• _Extracted entries_

++++++

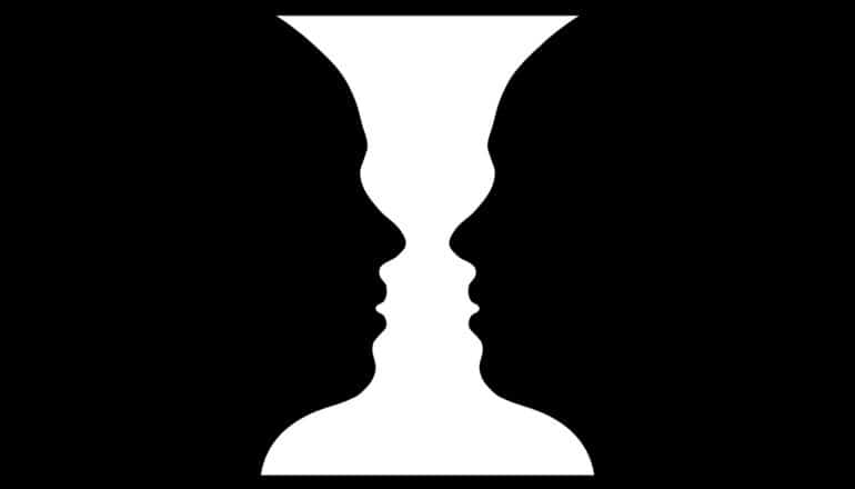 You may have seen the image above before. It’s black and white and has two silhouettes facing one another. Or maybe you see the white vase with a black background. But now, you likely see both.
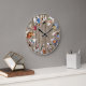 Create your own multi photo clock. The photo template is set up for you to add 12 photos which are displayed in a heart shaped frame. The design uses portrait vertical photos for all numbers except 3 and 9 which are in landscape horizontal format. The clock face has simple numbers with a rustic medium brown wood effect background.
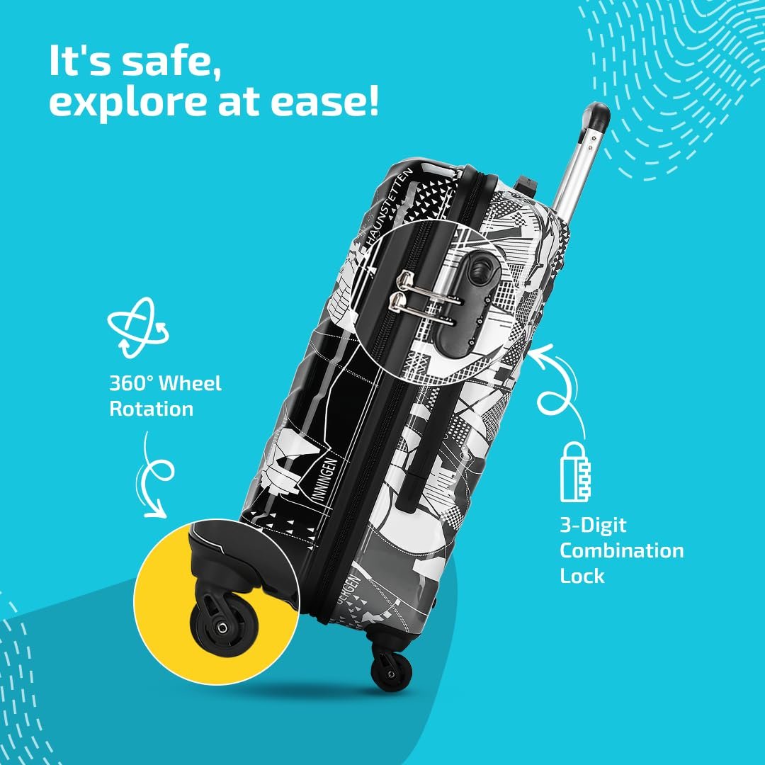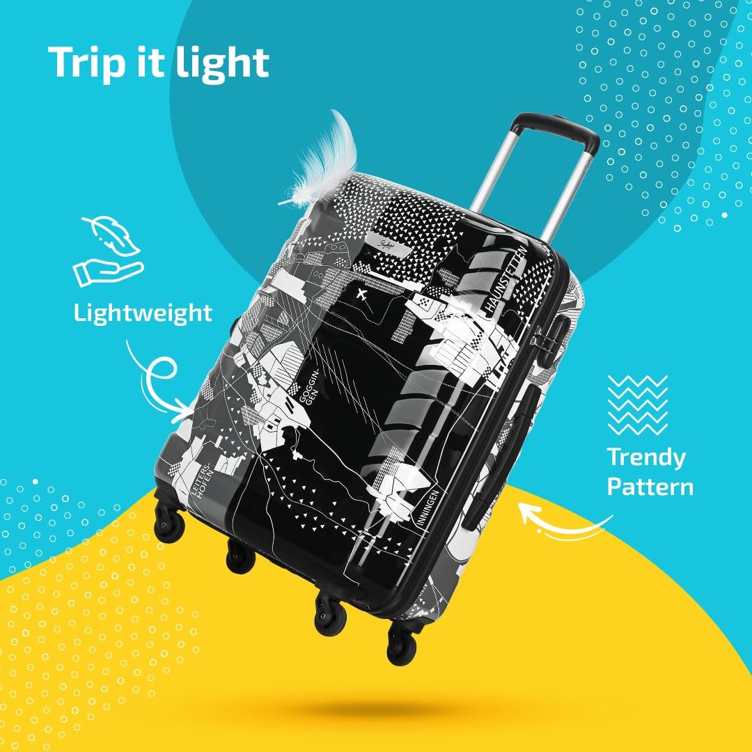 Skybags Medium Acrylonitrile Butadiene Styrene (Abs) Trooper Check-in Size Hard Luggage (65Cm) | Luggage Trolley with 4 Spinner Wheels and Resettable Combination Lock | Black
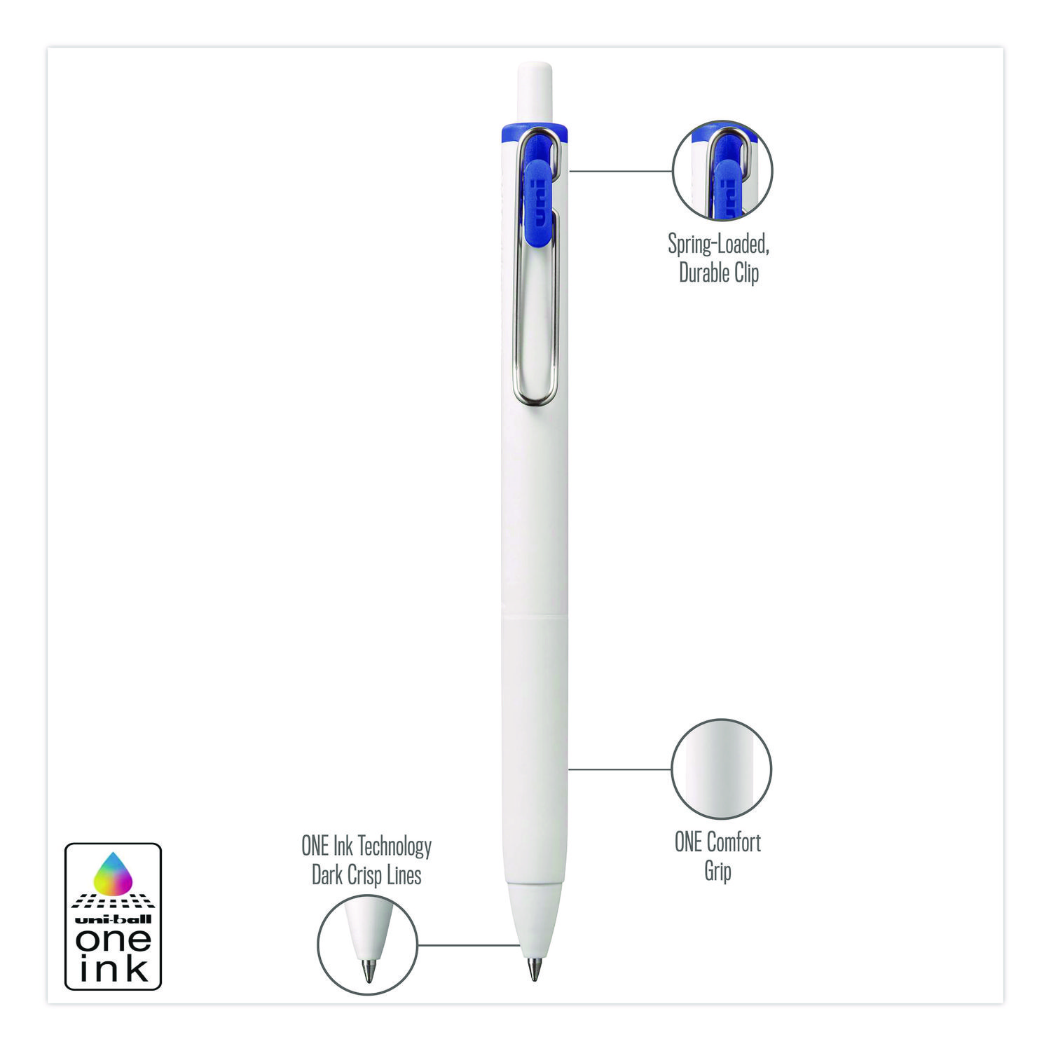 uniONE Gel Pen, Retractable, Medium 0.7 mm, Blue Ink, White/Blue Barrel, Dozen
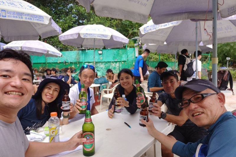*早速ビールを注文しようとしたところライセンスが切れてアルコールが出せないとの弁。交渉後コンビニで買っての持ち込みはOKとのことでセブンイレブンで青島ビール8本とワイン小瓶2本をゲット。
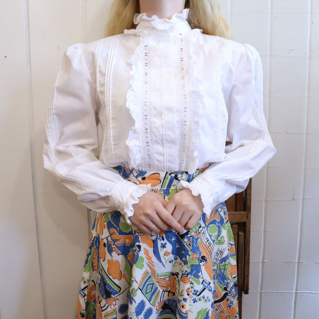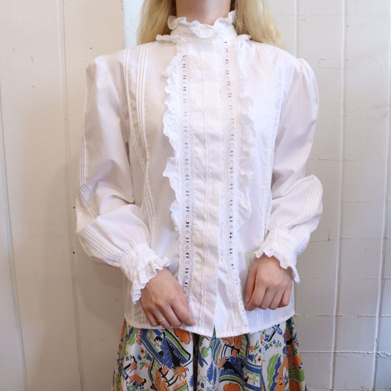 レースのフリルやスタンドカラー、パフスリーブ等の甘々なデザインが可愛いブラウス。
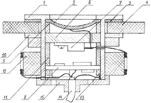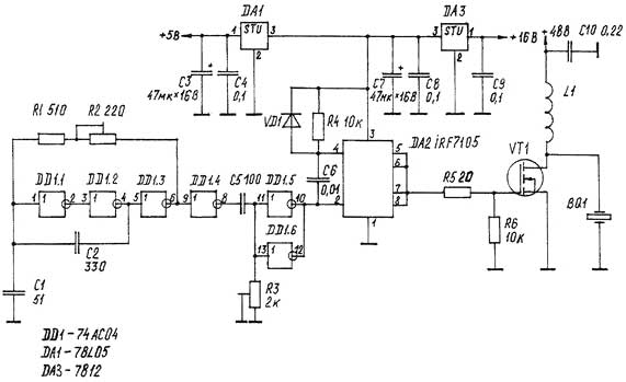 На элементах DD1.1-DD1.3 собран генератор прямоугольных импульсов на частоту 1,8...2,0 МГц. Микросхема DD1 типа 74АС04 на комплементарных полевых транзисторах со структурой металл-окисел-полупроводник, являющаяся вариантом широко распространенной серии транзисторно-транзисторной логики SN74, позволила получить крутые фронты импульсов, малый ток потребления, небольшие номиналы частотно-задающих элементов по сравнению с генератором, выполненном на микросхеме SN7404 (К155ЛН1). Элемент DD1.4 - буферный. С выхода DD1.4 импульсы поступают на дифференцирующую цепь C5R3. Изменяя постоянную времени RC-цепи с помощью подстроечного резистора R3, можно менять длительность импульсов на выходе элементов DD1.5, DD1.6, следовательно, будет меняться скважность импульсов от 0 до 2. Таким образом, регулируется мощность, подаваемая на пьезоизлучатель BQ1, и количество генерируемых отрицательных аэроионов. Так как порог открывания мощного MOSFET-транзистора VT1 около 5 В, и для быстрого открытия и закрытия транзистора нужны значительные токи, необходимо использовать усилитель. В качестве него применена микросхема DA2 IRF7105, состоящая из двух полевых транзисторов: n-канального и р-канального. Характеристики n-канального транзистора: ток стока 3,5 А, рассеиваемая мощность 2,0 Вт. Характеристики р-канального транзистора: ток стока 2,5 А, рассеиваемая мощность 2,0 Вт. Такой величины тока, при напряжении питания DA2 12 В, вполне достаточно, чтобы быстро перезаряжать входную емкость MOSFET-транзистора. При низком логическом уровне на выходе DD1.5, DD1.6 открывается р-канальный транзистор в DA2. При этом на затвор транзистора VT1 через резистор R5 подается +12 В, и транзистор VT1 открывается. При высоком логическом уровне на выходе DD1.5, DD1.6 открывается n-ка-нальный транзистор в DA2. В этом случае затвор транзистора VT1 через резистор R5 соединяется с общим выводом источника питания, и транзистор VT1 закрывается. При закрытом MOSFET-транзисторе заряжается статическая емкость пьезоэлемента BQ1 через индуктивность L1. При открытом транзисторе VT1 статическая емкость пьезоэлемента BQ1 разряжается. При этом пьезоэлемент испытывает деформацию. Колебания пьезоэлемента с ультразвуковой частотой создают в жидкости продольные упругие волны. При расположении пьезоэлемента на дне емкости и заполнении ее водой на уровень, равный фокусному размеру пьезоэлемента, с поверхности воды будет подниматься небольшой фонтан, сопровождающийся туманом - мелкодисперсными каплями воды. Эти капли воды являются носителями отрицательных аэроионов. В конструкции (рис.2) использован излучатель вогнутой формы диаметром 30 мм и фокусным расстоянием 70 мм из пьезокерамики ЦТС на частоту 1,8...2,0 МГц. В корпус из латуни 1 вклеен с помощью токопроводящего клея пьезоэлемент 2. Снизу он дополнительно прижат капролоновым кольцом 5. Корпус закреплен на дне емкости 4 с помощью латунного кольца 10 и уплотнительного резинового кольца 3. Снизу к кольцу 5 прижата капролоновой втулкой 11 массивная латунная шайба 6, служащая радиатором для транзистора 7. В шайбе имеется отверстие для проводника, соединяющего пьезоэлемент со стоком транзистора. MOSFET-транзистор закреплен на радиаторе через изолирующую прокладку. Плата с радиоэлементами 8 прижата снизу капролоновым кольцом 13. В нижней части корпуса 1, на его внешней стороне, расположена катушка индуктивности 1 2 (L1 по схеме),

++++++

• _Task instructions_
When you retype the data above, match every line exactly and leave the pictures behind.

• _Exercise result_
 You may have seen the image above before. It’s black and white and has two silhouettes facing one another. Or maybe you see the white vase with a black background. But now, you likely see both.
 Create your own multi photo clock. The photo template is set up for you to add 12 photos which are displayed in a heart shaped frame. The design uses portrait vertical photos for all numbers except 3 and 9 which are in landscape horizontal format. The clock face has simple numbers with a rustic medium brown wood effect background.
 Skybags Medium Acrylonitrile Butadiene Styrene (Abs) Trooper Check-in Size Hard Luggage (65Cm) | Luggage Trolley with 4 Spinner Wheels and Resettable Combination Lock | Black
 uniONE Gel Pen, Retractable, Medium 0.7 mm, Blue Ink, White/Blue Barrel, Dozen
*早速ビールを注文しようとしたところライセンスが切れてアルコールが出せないとの弁。交渉後コンビニで買っての持ち込みはOKとのことでセブンイレブンで青島ビール8本とワイン小瓶2本をゲット。
 レースのフリルやスタンドカラー、パフスリーブ等の甘々なデザインが可愛いブラウス。
 На элементах DD1.1-DD1.3 собран генератор прямоугольных импульсов на частоту 1,8...2,0 МГц. Микросхема DD1 типа 74АС04 на комплементарных полевых транзисторах со структурой металл-окисел-полупроводник, являющаяся вариантом широко распространенной серии транзисторно-транзисторной логики SN74, позволила получить крутые фронты импульсов, малый ток потребления, небольшие номиналы частотно-задающих элементов по сравнению с генератором, выполненном на микросхеме SN7404 (К155ЛН1). Элемент DD1.4 - буферный. С выхода DD1.4 импульсы поступают на дифференцирующую цепь C5R3. Изменяя постоянную времени RC-цепи с помощью подстроечного резистора R3, можно менять длительность импульсов на выходе элементов DD1.5, DD1.6, следовательно, будет меняться скважность импульсов от 0 до 2. Таким образом, регулируется мощность, подаваемая на пьезоизлучатель BQ1, и количество генерируемых отрицательных аэроионов. Так как порог открывания мощного MOSFET-транзистора VT1 около 5 В, и для быстрого открытия и закрытия транзистора нужны значительные токи, необходимо использовать усилитель. В качестве него применена микросхема DA2 IRF7105, состоящая из двух полевых транзисторов: n-канального и р-канального. Характеристики n-канального транзистора: ток стока 3,5 А, рассеиваемая мощность 2,0 Вт. Характеристики р-канального транзистора: ток стока 2,5 А, рассеиваемая мощность 2,0 Вт. Такой величины тока, при напряжении питания DA2 12 В, вполне достаточно, чтобы быстро перезаряжать входную емкость MOSFET-транзистора. При низком логическом уровне на выходе DD1.5, DD1.6 открывается р-канальный транзистор в DA2. При этом на затвор транзистора VT1 через резистор R5 подается +12 В, и транзистор VT1 открывается. При высоком логическом уровне на выходе DD1.5, DD1.6 открывается n-ка-нальный транзистор в DA2. В этом случае затвор транзистора VT1 через резистор R5 соединяется с общим выводом источника питания, и транзистор VT1 закрывается. При закрытом MOSFET-транзисторе заряжается статическая емкость пьезоэлемента BQ1 через индуктивность L1. При открытом транзисторе VT1 статическая емкость пьезоэлемента BQ1 разряжается. При этом пьезоэлемент испытывает деформацию. Колебания пьезоэлемента с ультразвуковой частотой создают в жидкости продольные упругие волны. При расположении пьезоэлемента на дне емкости и заполнении ее водой на уровень, равный фокусному размеру пьезоэлемента, с поверхности воды будет подниматься небольшой фонтан, сопровождающийся туманом - мелкодисперсными каплями воды. Эти капли воды являются носителями отрицательных аэроионов. В конструкции (рис.2) использован излучатель вогнутой формы диаметром 30 мм и фокусным расстоянием 70 мм из пьезокерамики ЦТС на частоту 1,8...2,0 МГц. В корпус из латуни 1 вклеен с помощью токопроводящего клея пьезоэлемент 2. Снизу он дополнительно прижат капролоновым кольцом 5. Корпус закреплен на дне емкости 4 с помощью латунного кольца 10 и уплотнительного резинового кольца 3. Снизу к кольцу 5 прижата капролоновой втулкой 11 массивная латунная шайба 6, служащая радиатором для транзистора 7. В шайбе имеется отверстие для проводника, соединяющего пьезоэлемент со стоком транзистора. MOSFET-транзистор закреплен на радиаторе через изолирующую прокладку. Плата с радиоэлементами 8 прижата снизу капролоновым кольцом 13. В нижней части корпуса 1, на его внешней стороне, расположена катушка индуктивности 1 2 (L1 по схеме),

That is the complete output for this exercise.